Body size measurement of Corythucha marmorata adults: a body length, b wing length, c head width
Oviposition preference
To investigate oviposition preference on the four sweet potato cultivars, we carried out a no-choice preference test at 25 °C; 16L:8D of laboratory condition. After eclosion, the 0th generation individuals were separated into male and female groups and reared for a week on goldenrod leaves. A 1-week-old female and two males were then randomly chosen and put in a plastic container (A-PET material, 430 mL, ø 129 mm × 60 mm) with a leaf of one of the test plants. Sample sizes for each treatment were as follows: 31 groups on goldenrod, 31 groups on Caroline Lea, 30 groups on Benisengan, 32 groups on Narutokintoki, and 30 groups on Beniazuma. All containers were checked every day, and the number of eggs laid was recorded from day 1 until the last day of oviposition. Leaves were replaced once a week to prevent deterioration of the leaf from affecting results.
Statistical analysis
All statistical analyses were performed in R Statistical Computing environment v. 3.4.3 (R Core Team 2018). Nymphal survival rate was expressed as Kaplan–Meier survival curves which were compared by log-rank test with Bonferroni’s correction, as the number of combinations was more than two. Mixed-model ANOVAs for egg development time, nymphal development time, and body size indexes were used. In each ANOVA, test plants, sex, and their interaction were used as explanatory variables. Individuals were assigned as a random factor. Means were compared by Tukey–Kramer multiple comparison test in the ‘multcomp’ package. However, owing to the high mortality and small sample size of individuals reared on Beniazuma, that mean was excluded from the test.

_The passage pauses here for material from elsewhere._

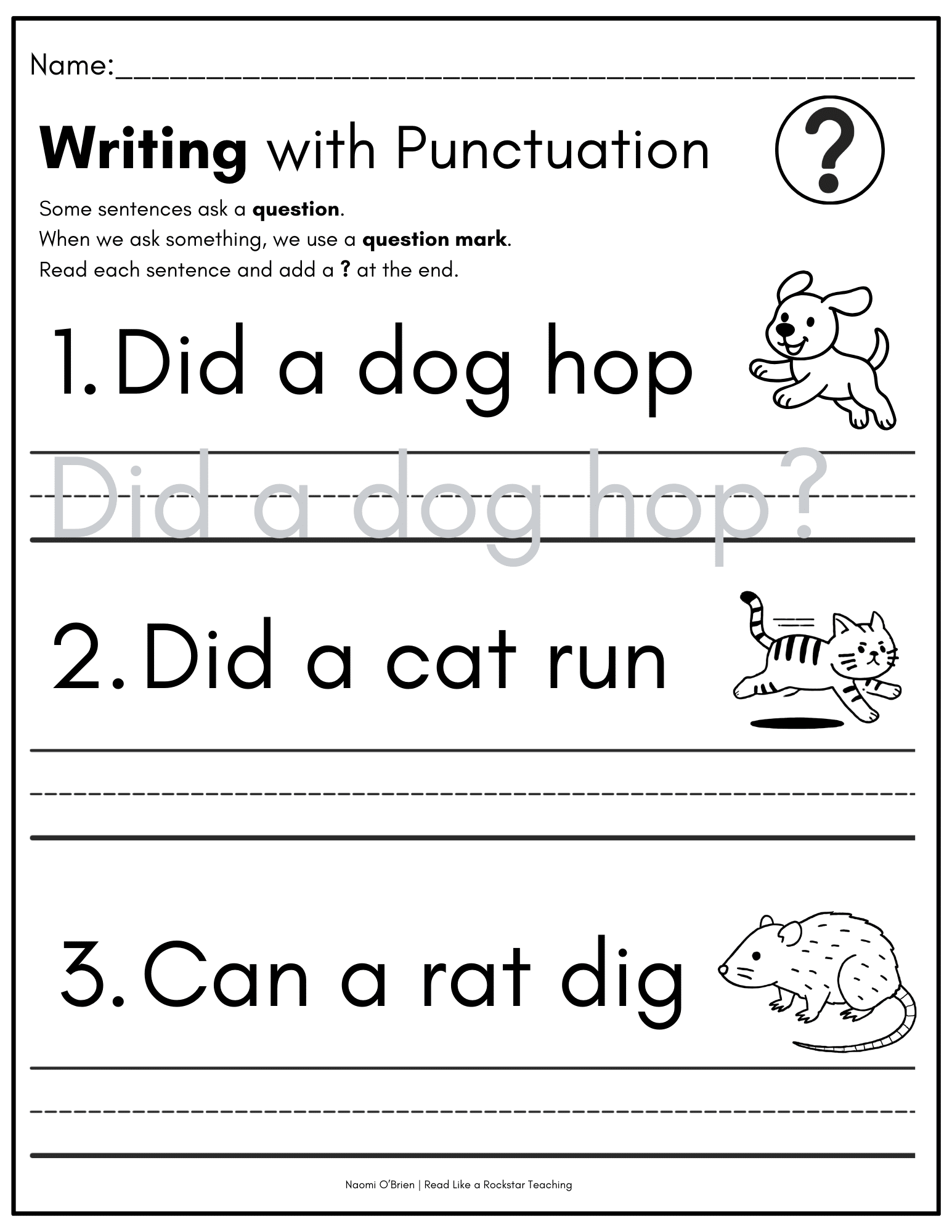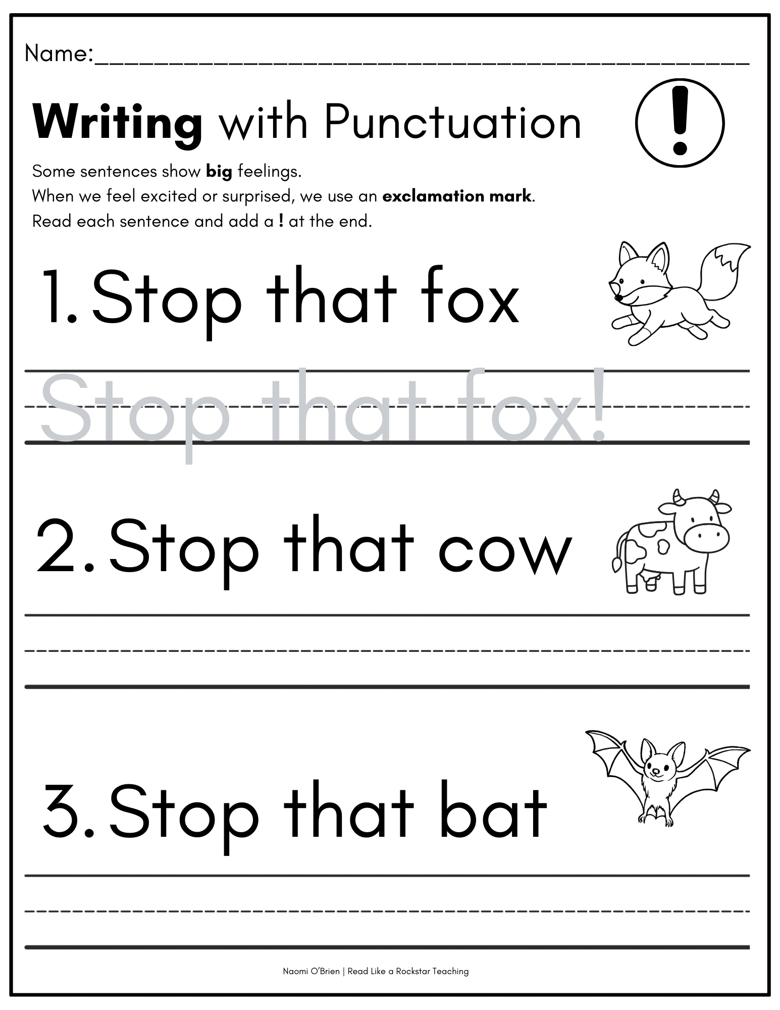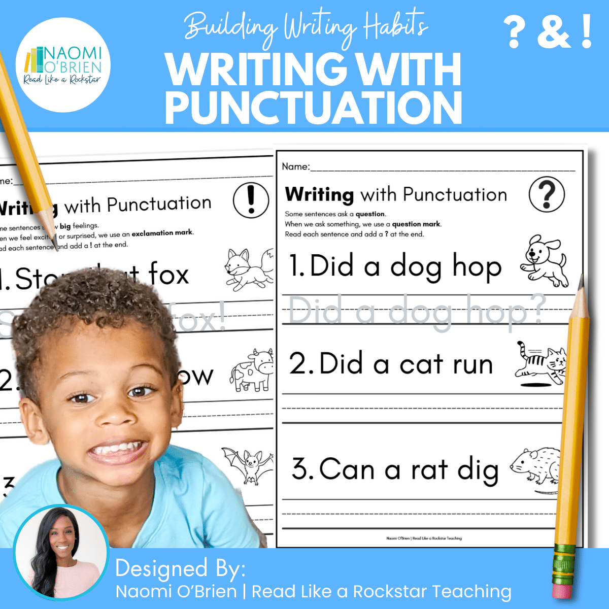 These 21 pages include short, decodable sentences that require students to choose between a question mark (?) or an exclamation mark (!) based on meaning. Students learn to think about what the sentence is doing—asking a question or showing strong feeling—before adding the correct ending punctuation.
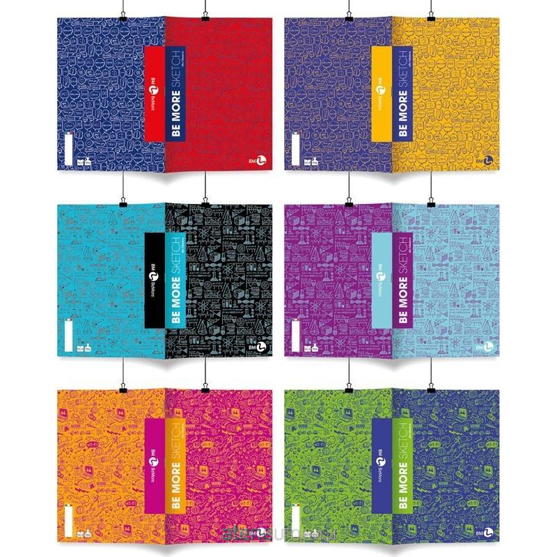 Kolekcja zeszytów Be More Sketch posiada okładki z napisami lub wzorami matematycznymi. Okładki pokryte są wybiórczo lakierem UV, co uwydatnia detale i nadaje głębi grafice. Zeszyty posiadają kartki o wysokiej gramaturze z marginesami.

For oviposition preference experiments, preoviposition period (defined as the days from inoculation to the first oviposition) was analyzed using a mixed-model ANOVA, and fecundity was analyzed using a GLMM (‘lme4’ and ‘lmerTest’ package), with test plants as an explanatory variable and the effect of individuals as a random factor. Here, preoviposition period was analyzed for the individuals who laid at least one egg in their life, whereas fecundity was analyzed for all the individuals including those who did not lay eggs. Each combination of test plants was compared by Tukey–Kramer multiple comparison test using ‘multcomp’ package.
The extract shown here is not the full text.